For any restriction to be lawful, Article 23(1) GDPR clarifies that it must be provided for in a legislative measure, concern the sole data subject’s rights and the corresponding obligations enshrined in Articles 5, 12-22, and 34 GDPR, respect the essence of fundamental rights and freedoms, and be a necessary and proportionate measure in a democratic society.

As explained by the EDPB, the condition to respect the essence of fundamental rights and freedoms means that the restrictions cannot be so extensive and intrusive that will void these rights and freedoms of their basic content.[1]When it comes to the necessity and proportionality requirements, the EDPS outlines, the former is satisfied insofar as the objective of general interest is sufficiently identified in detail. In this way, it will be possible to evaluate whether the restrictive measure is necessary. As regards its proportional nature, it means that the legislative measure must be appropriate for achieving the legitimate objectives.[2]

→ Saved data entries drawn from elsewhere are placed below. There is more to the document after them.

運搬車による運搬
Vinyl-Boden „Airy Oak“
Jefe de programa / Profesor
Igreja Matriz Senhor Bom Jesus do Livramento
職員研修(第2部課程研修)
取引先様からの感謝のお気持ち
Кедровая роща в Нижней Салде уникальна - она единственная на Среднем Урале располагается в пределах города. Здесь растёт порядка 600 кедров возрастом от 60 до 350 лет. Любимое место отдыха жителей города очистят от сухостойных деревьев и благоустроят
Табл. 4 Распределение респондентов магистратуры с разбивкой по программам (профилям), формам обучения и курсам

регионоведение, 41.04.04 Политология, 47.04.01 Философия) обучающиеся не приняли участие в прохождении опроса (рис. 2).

Later, Article 23(2) GDPR provides that the legislative measures restricting the data subject’s rights and the controller’s obligations must include, where relevant:

  • The purposes of the processing or categories of processing;
  • The categories of personal data;
  • The scope of the restrictions introduced;
  • The safeguards to prevent abuse or unlawful access or transfer;
  • The specification of the controller or categories of controllers;
  • The storage periods and the applicable safeguards taking into account the nature, scope and purposes of the processing or categories of processing;
  • The risks to the rights and freedoms of data subjects; and
  • The right of data subjects to be informed about the restriction, unless that may be prejudicial to the purpose of the restriction.

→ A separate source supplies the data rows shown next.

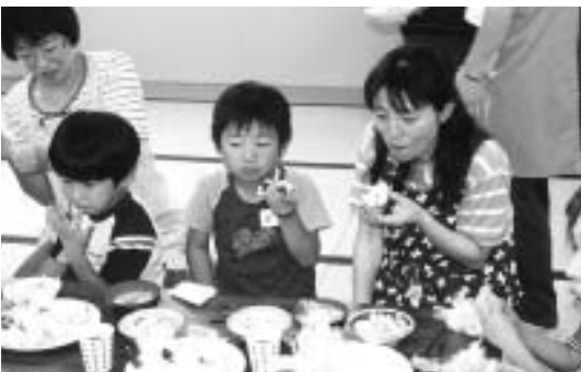
▶親子一緒においしくおにぎり
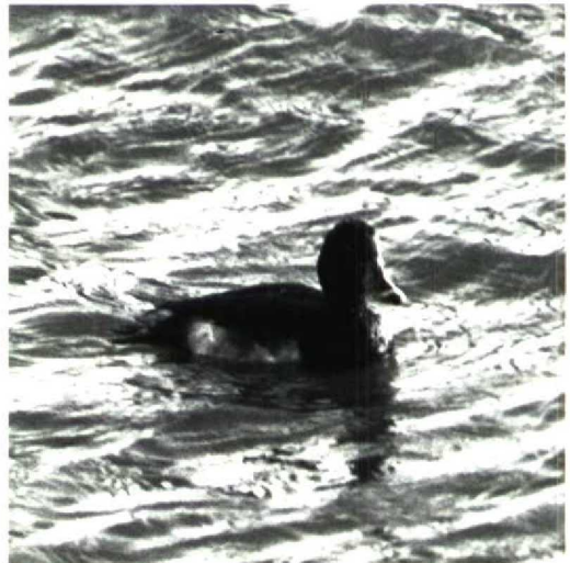
168 Ring-necked Duck x Tufted Duck hybrid A collaris x fuligula , first-year male, Goedereede, Zuidholland, 6 January 1991 (Staf Elsermans)

Whilst studying the bird, a number of possibilities were considered. It was probably not a first-summer male Ring-necked Duck because of the rounded head and the short forward extension of the flanks, caused by the broad black breast (Gillham 1986). First-summer male Tufted Duck can be excluded by the sharp white subterminal band on the bill. The bill pattern of Paget's Pochard- or Ferruginous Duck-type hybrid A ferina x nyroca (Gillham et al 1966) could possibly fit but neither the black upperparts nor the white brown-dashed flanks match this hybrid type. According to Gillham et al (1966), Baer's Pochard-type hybrid A fuligula x nyroca very much resembles a male Ring-necked Duck. The bill tip, however, shows less black and the flanks are clouded brown all-over. The bird also differed notably from the presumed hybrid between Ring-necked and Tufted Ducks A collaris x fuligula that was observed by Vinicombe (1982)
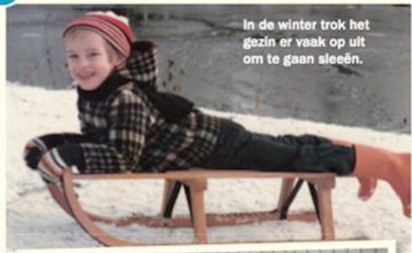
In de winter trok het gezin er vaak op uit om te gaan sleeën.
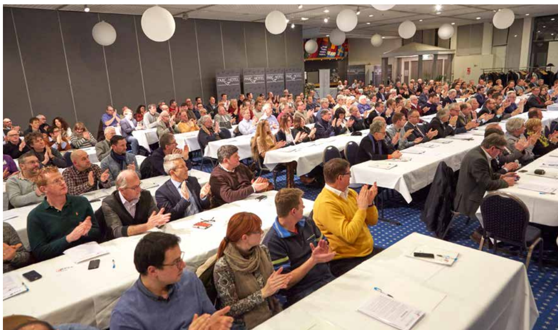
Conférence des Comités
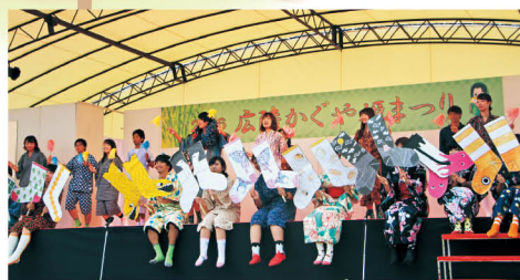
広陵かぐや姫まつり(竹取公園)

問 県地域デザイン推進課 ☎0742-27-5433 FAX 0742-27-7685
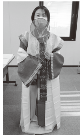
(飛鳥時代～平安時代初期を参考に作成したPR衣装)
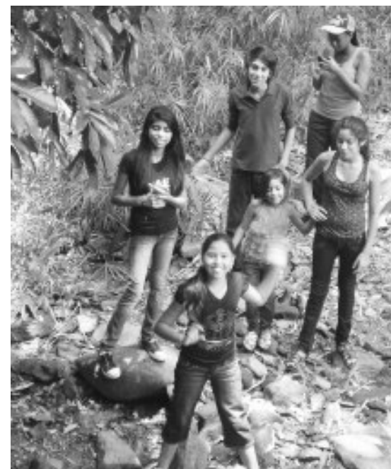
Grupo ambientalista de EL Petarazo recorren el parque
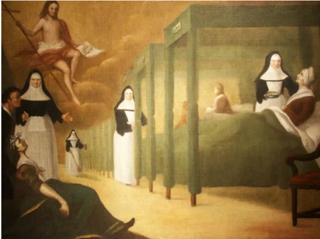
Lugares para visitar en Quebec: Hospitalières de Saint-Joseph

Este museo cuenta los orígenes de Montreal y del Hôtel-Dieu (primera institución hospitalaria de la ciudad) a través de la medicina de la época y la misión de las Hospitalières de Saint-Joseph con las personas enfermas. Muebles, pinturas, esculturas, fotografías, documentos de archivo e instrumentos médicos testimonio de esta rica historia.
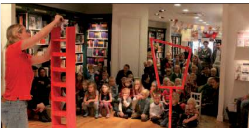
Kindertheater KOP OP speelde de voorstelling 'Muisstil' bij boekhandel Bouwman aan de Hessenweg in De Bilt.

ken niet alleen een begrijpelijke, maar ook een zeer geslaagde keus genoemd mag worden.
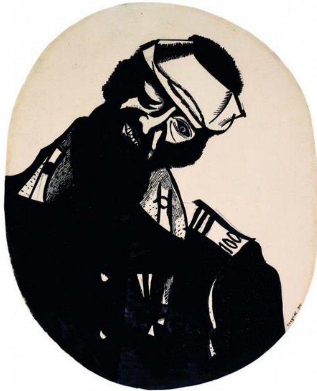
Le soldat blessé 1914, encre de Chine sur papier

Il est mobilisé en 1915. Il ne combat pas au front mais rend compte des ravages de la guerre dans une série de dessins.

In its Guidelines, the EDPB also clarifies, “the controller should document the application of restrictions on concrete cases by keeping a record of their application”,[3] in compliance with the accountability principle (Article 5(2) GDPR). This record should contain the applicable reasons for the restrictions, which grounds among those listed in Article 23(1) GDPR apply, its timing, as well as the outcome of the necessity and proportionality test.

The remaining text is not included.